Закрыв заслонку печи, я вытянула усталые кости в гамаке. Если ощущаю такую усталость и головокружение, будучи лишь зрителем, то каково Рину?..
— То, что человек не может уйти в иной мир красиво. Он вынужден сбросить свою плотяную одежонку, прежде чем воспарить, а она, лишившись души, начинает разлагаться. Плохо выглядеть и плохо пахнуть.
Я фыркнула.
— Вообще-то, сброшенную плотяную одежонку хоронят или кремируют до того, как она начинает плохо выглядеть и пахнуть. Больше того: усилиями гримеров лежащий в гробу нередко выглядит краше, чем при жизни.
— Ты не понимаешь. Не хочешь меня понять. Служители морга, гримеры, могильщики — они, так или иначе, вынуждены возиться с лишенными души телами. А мне бы хотелось, чтобы мою сброшенную оболочку не видел никто и не трогал никто. Не закрывал веки, не подвязывал челюсть, не мыл, преодолевая брезгливость, и не обряжал с циничными шуточками в строгий костюм. Не целовал в ледяной лоб, стараясь не показать, как противно это занятие. Потому что это уже не я, а нечто пошлое, холодное и неэстетичное, тем не менее, упорно отождествляемое со мною. Эта мысль пришла ко мне в морге, в окружении уродливых окоченелых оболочек. Помнишь, мы проживали там последние миги усопших?
— Еще бы не помнить. Б-ррр!..
— Б-ррр? А я думал, было весьма познавательно.

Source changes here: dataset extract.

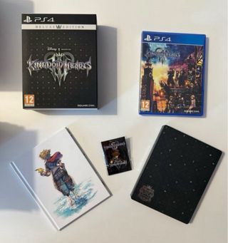 Edición Deluxe del videojuego Kingdom Hearts III para PlayStation 4. - Caja metálica con diseño temático. - Pin de Sora. - Libro de arte. - Juego Kingdom Hearts III.

— Как все твои опыты, братик.
— Спасибо. Так вот. Хорошо бы научиться испарять свою плоть — одновременно с уходом.
— Оставляя только скелет?
— Скелет симпатичнее трупа, и он не пахнет, но навевает неприятные ассоциации. По крайней мере, в западной культуре. Нет, полностью — никаких скелетов, ни даже ногтей и волос. Мне бы хотелось, чтобы это стало последним моим чудом. Чудесностью, как говорила ты в детстве.
— Ты обязательно освоишь эту чудесность, Рин, и твой верный катализатор тебе поможет. Лет через сорок. Но никак не раньше! Тебе ведь столько еще предстоит. Ты даже с моими мальчишками еще не знаком. Ну, куда это годится: дядя, не видевший ни разу своих племянников! Своих маленьких рыжих копий…
Рин не отозвался — видимо, задремал. И я тоже смолкла.
Еллоу
На следующее утро я проснулась первой. Рин спал беспокойно, раскинувшись и ворочаясь. Во сне постанывал и что-то бормотал.
Стараясь не шуметь, выпила чаю с хлебом, а затем натянула лыжи — благо погода была столь же дивной, что и накануне. Жмурясь от солнца и смакуя морозец, сбегала до магазина и набила рюкзак овощами. Заодно полюбовалась издали на голубую покатую спинку моей малышки.
Когда я вернулась, Рин уже не спал, что было видно по изменившемуся дыханию. Но глаза оставались закрытыми, и я не решилась окликать его и тревожить разговорами. Растопила печь, запихнула в нее чугунок с овощами, сходила за водой к колодцу во дворе. За бытовыми делами не оставляло чувство вины: что я за нелепая эгоистичная дурочка! Два дня подряд Рин развлекает меня, отдавая последние силы, сжигая и тело, и душу, а мне и в голову не пришло умерить аппетиты, запретить ему убивать себя на моих глазах…
От еды брат отказался, и пришлось уплетать тушеные овощи — не самое любимое блюдо, в одиночестве.
Лишь когда за окошком стемнело, Рин зашевелился в своем углу. Попросил крепкого чаю и сигару.
— Извини, Рэна, что заставил любоваться на собственную немощь. Но это уже недолго. Если хочешь, я расскажу то, что не успел вчера, но одними словами, без картинок и запахов.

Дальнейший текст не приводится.